Pendant tout ce temps, il a vécu en fils tendre et reconnaissant, dans l’intimité des deux femmes à qui il doit tout et dont, à cette heure, Je dévouement maternel, qui les a transformées, rachète le passé. De même quelles sont tout pour lui, de même il est tout pour elles. Elles aident à sa carrière, mettent à son service toute leur activité, importunent leurs amis en sa faveur, frappent à toutes les portes pour hâter son avancement. Elles sollicitent Talleyrand, le pair de France Lenoir de la Roche, le prince de Condé, à qui elles donnent des fêtes au château de Chenoise, où, en vertu d’un arrangement avec elles, il a ses équipages de chasse. En faveur de ce fils adoré, elles se permettent toutes les démarches. Elles écrivent au ministre de la Guerre Gouvion Saint-Cyr : « Vous êtes le père de tous les militaires français, le Turenne de notre temps. » Elles signent toutes deux cette supplique qui n’est qu’une apologie du jeune Chenoise, une longue énumération de ses mérites, qu’elles rappellent à l’effet de prouver qu’il est digne de devenir officier d’ordonnance du ministre.

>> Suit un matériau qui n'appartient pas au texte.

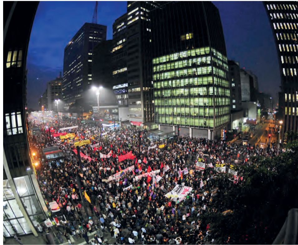
Crise de representatividade foi bandeira dos protestos de junho de 2013

Os jovens que participaram em 2013 e 2014 dos protestos contra a realização da Copa do Mundo, alegando que se tratavam de obras superfaturadas, gerando gastos desnecessários ao país, foram condenados, ontem (terça, 17), pelo juiz Flavio Itabaiana, da 27ª Vara Criminal do Tribunal de Justiça (TJ), a sete anos de prisão. Eles poderão recorrer da decisão em liberdade.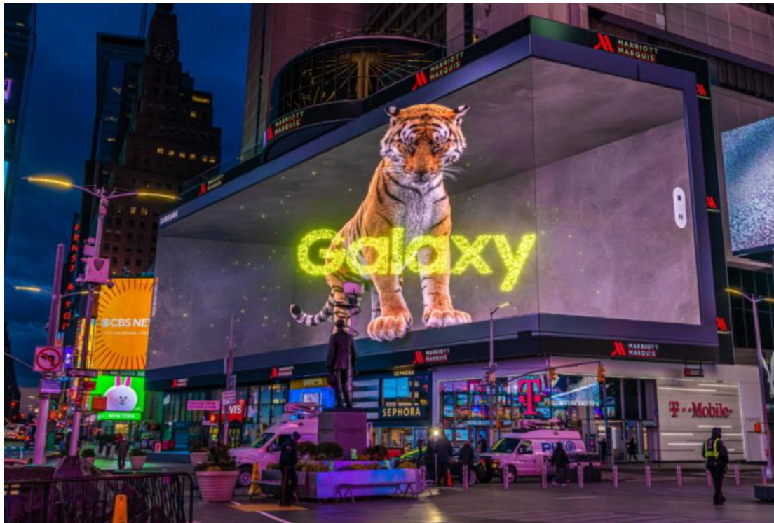
▲ 在 Galaxy Unpacked 2022 登場前夕，三星於紐約時代廣場播放「Tiger in the City」廣告片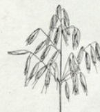
26. L'avoine. — Pain très grossier, noir, indigeste*, d'un goût amer. L'avoine sert surtout à nourrir les chevaux.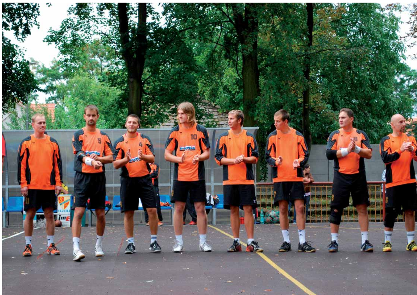
V rámci oslav 100. výročí založení Sokola v Telnici proběhl Den házené – více naleznete v článku na straně 14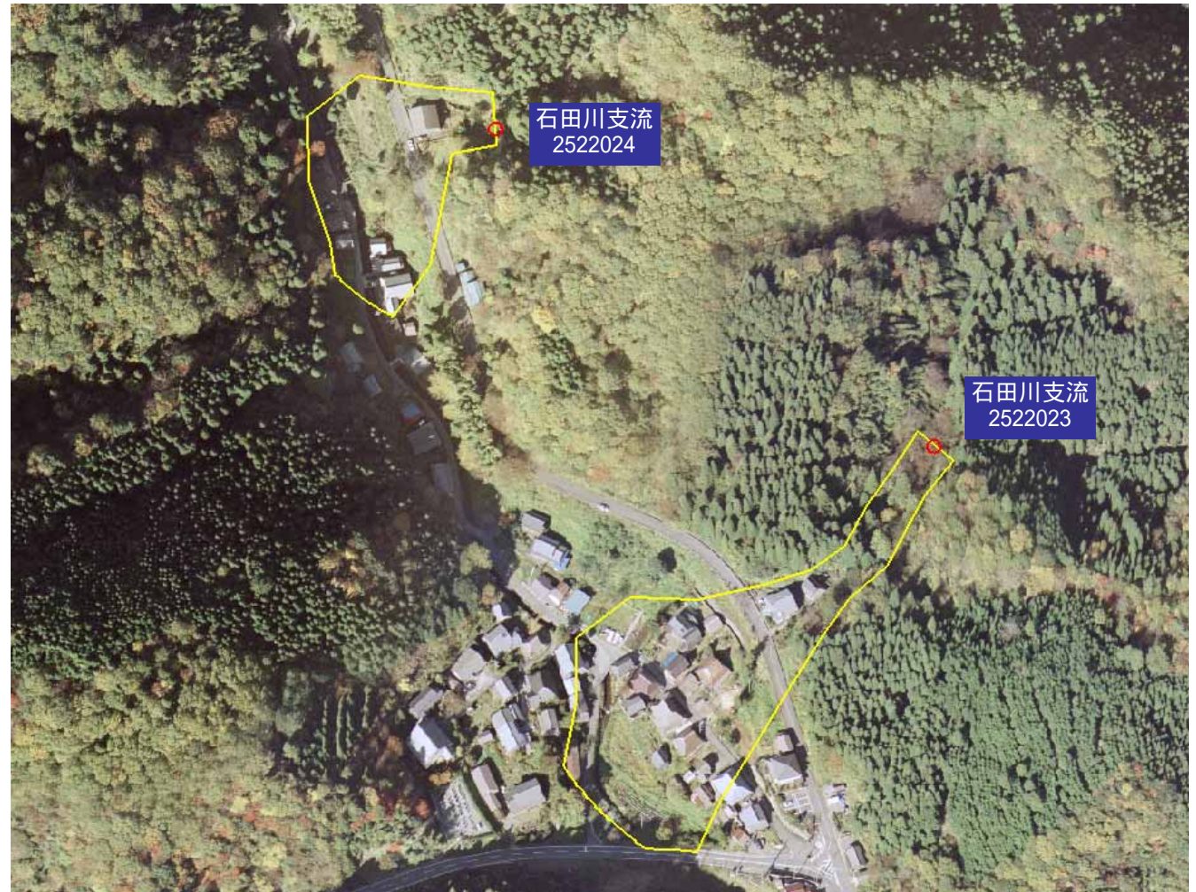
土砂災害警戒区域図

・この地図は、国土地理院長の承認を得て、同院発行の 数値地図25000(地図画像)を複製したものである。(承 認番号 平16総複、第205号)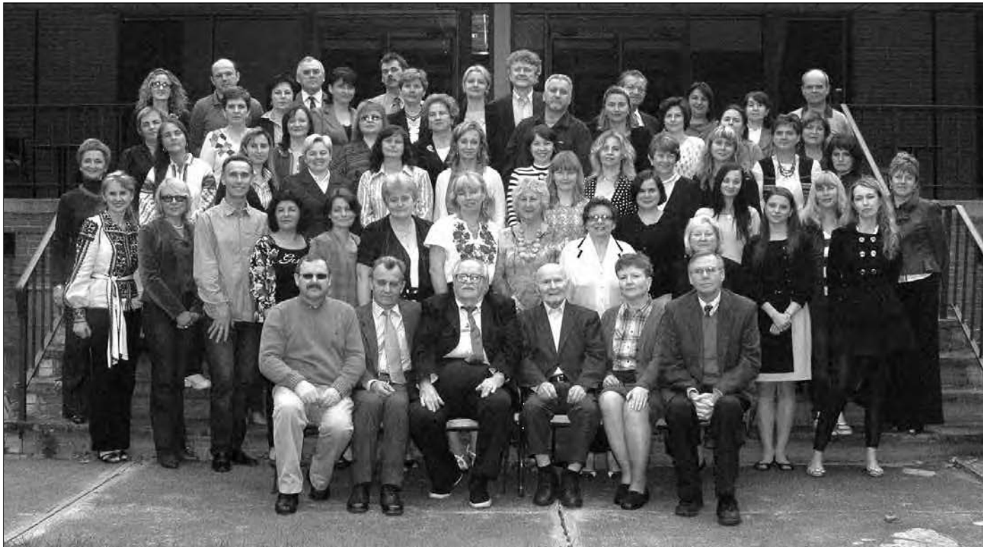
Учасники Всеамериканської конференції учителів Шкіл українознавства в Еленвілі, Нью-Йорк.

Конференція мала велике значення для виховання дітей і пошуку правильного шляху до юних сердець, щоб вміло, майстерно розвинути таланти, навчити мови, історії, культури, допомогти самоутвердитись як істинним українцям, хоч і в еміграції.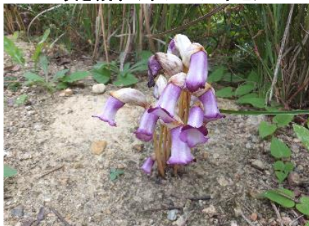
咲き残りのナンバンギセル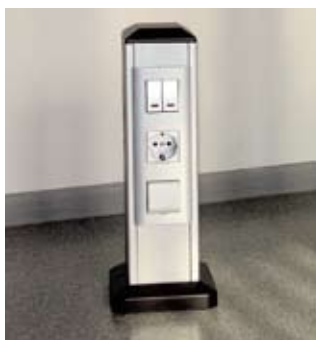
TR-16M/2 Колонна двухсторонняя

Системы люков и колонн – профессиональное решение для организации рабочих мест в открытых интерьерах, так называемых "open space". Это многоцелевая система для офисов, разделенных лишь мобильными перегородками, прикассовых зон торговых центров и магазинов, выставочных центров, аэропортов, автосервисов, хранилищ, музеев и спортивных площадок, банков, школ и других помещений административного назначения – везде, где требуется прямое подведение электропитания и информационных сетей на площади в удалении от основных стен.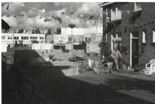
Foto 6 Zwembad aan het eind van de Biltonstraat, afgeschermd door rieten mat, Vrijeban

noordwestkant van de wijk Hof van Delft, met portiek- en eengezinswoningen, bij het beeld van de volksbuurt.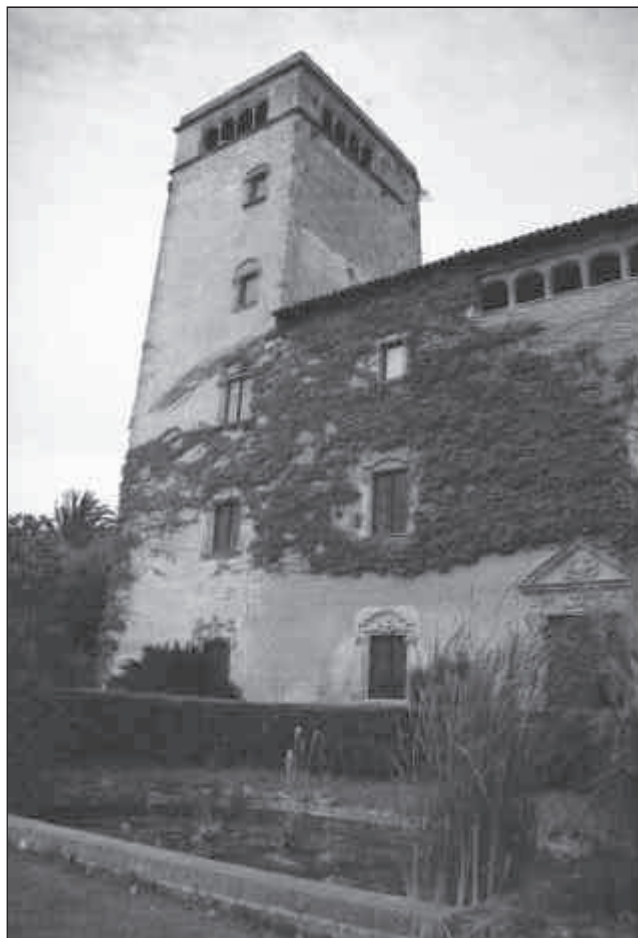
La Torre Pallaresa al segle XVI pertanyia al bisbe Joan de Cardona, de la família dels Cardona i enteparent d'Enric d'Aragó, sisè duc de Cardona i lloctinent general de Catalunya, que féu complir l'interrogatori per conèixer els francesos que vivien als ports i llocs marí-tims del Principat.

Per poder valorar la incidència total en el temps de la immigració francesa a Badalona - si es té en compte que aquest interrogatori només comptabilitza els francesos residents el dia que es fa - faltarien les persones arribades a Badalona que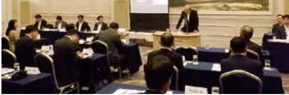
■令和6年度千葉県生保警察連絡協議会・総会 (令和6年10月10日)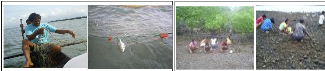
(1). Aktivitas penangkapan ikan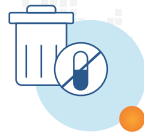
临床药品 返回及销毁

Ainsi, l’amour maternel si longtemps muet dans le cœur d’Adèle de Bellegarde a éclaté et, quoique tardif, il la métamorphose, tandis qu’Aurore, qui, depuis longtemps, avait secoué la funeste influence de Philibert Simond, a trouvé dans les devoirs de sa maternité d’emprunt sa véritable voie et, comme la tante Aurore de la romance, se croit déjà une aïeule. Elles vivent maintenant graves et dignes, rendues à leur milieu social, revenues de leurs équipées, vouées à des œuvres charitables, désarmant la malveillance par la rectitude de leur conduite, leur tolérance, leur bonne grâce, leur simplicité, repenties, sinon consolées, grâce au fils chéri qui remplace pour elles tout ce que leurs fautes leur ont fait perdre.